#### To do
Pictures aside, the data must be reproduced exactly.

#### Information shown
Content starts

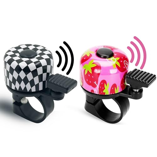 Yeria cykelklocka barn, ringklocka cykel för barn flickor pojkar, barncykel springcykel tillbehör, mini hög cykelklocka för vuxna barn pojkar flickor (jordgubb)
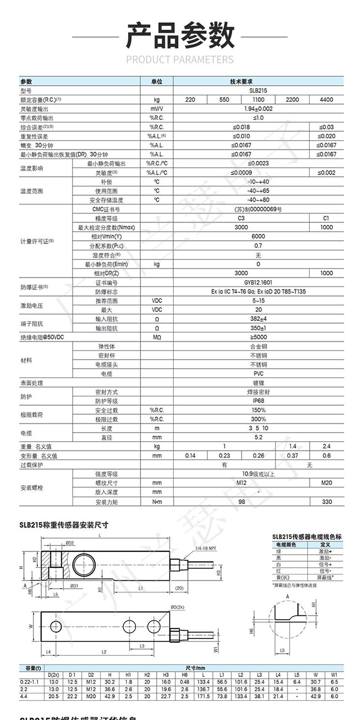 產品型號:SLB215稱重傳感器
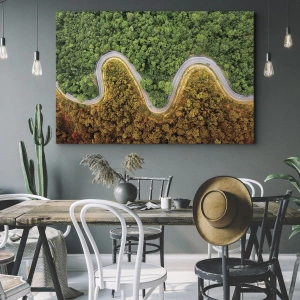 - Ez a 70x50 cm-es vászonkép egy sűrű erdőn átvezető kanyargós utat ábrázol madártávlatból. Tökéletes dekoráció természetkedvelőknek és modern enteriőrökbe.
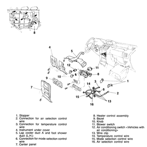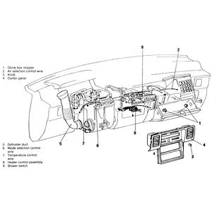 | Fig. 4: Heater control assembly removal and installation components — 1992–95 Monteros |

Content ends

#### Output for this task
 Yeria cykelklocka barn, ringklocka cykel för barn flickor pojkar, barncykel springcykel tillbehör, mini hög cykelklocka för vuxna barn pojkar flickor (jordgubb)
 產品型號:SLB215稱重傳感器
 - Ez a 70x50 cm-es vászonkép egy sűrű erdőn átvezető kanyargós utat ábrázol madártávlatból. Tökéletes dekoráció természetkedvelőknek és modern enteriőrökbe.
 | Fig. 4: Heater control assembly removal and installation components — 1992–95 Monteros |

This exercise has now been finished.